Kınık, "Önümüzdeki hafta plazma alımlarına başlıyoruz. Çünkü ilk hastalarımızın iyileşip taburcu olmasından sonra bunun üzerinden 14 gün geçmesi gerekiyordu" dedi.

Tedavinin içeriğinden bahseden Kınık, şöyle devam etti:

"Mikroorganizmalar veya farklı antijenler vücudumuza girdiğinde vücudumuzun buna karşı bir tepkisi oluşuyor. Bu genellikle mikroorganizmalarda antikor oluşturma dediğimiz bir tepki. Biz bu yolla iyileşiyoruz, mikroorganizmalarla savaşıyoruz, mikropları yeniyoruz. Bugün itibarıyla tıbbın yaptığı aslında her insanın bünyesinde olan savaşma mekanizmasına destek olmak. Mesela aşı yapıyoruz. Aşıyla zararsızlaştırılmış, bulaştırıcılığı düşürülmüş olan mikropları ya da bazı parçalarını aşı yoluyla vücudumuza veriyoruz ve vücudumuzda bu mikroorganizmaya karşı immünglobulinler dediğimiz antikorlar oluşturuyoruz. Daha sonra bu mikrobun kendisi güçlü bir şekilde bize bulaştığında vücudumuz bu mikrobu tanıyor ve buna karşı bir antikor üretiyor. Bu antikor da mikrobu hemen yenmemize ve hastalanmamamıza yol açıyor. 

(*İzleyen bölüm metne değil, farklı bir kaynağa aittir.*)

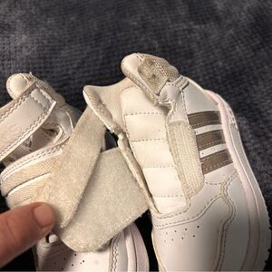 Adidas Baby High Tops in white, size 5, designed for toddler walkers. They feature an easy closure for convenience and comfort.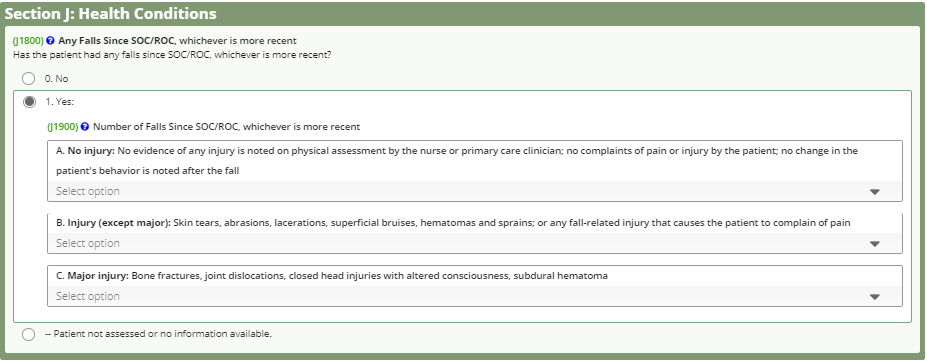 - J1800 Any Falls Since Start of Care or Resumption of Care

Bizim şu anda uygulayacağımız konvelesan plazma tedavisi bu mantığın pasif bir şekilde uygulanmış hali olacak. Yani, çok sayıda korona hastamız, yaklaşık yüzde 98-99 bir şekilde kliniği ağır da geçse, hafif de geçse iyileşiyor. İyileştikten sonra bu savaştan çıkmış bünyenin içerisinde Kovid-19'a karşı oluşmuş immünglobulinler bulunuyor. Bu özel immünglobulinler bu şifa bulmuş vatandaşımızın plazmasında bulunuyor ve iyileştikten sonra 14. günlerde en üst seviyelerde bulunuyor. Sonra yavaş yavaş bizim immünglobulin M veya A dediğimiz farklı tipteki immünglobulinler öncelikle azalmakla beraber bu antikorlar da azalıyor. Dolayısıyla bağışçılarımızın hastalığı geçirdikten sonraki 14. günü bizim için çok önemli. Çünkü o sırada kanlarında maksimum düzeyde bu antikordan bulunmakta. Dolayısıyla biz iyileşmiş olan vatandaşlarımızı 14 gün geçtikten sonra Kızılayımızın kan merkezlerine bekliyoruz. Biz zaten kendilerine de ulaşacağız."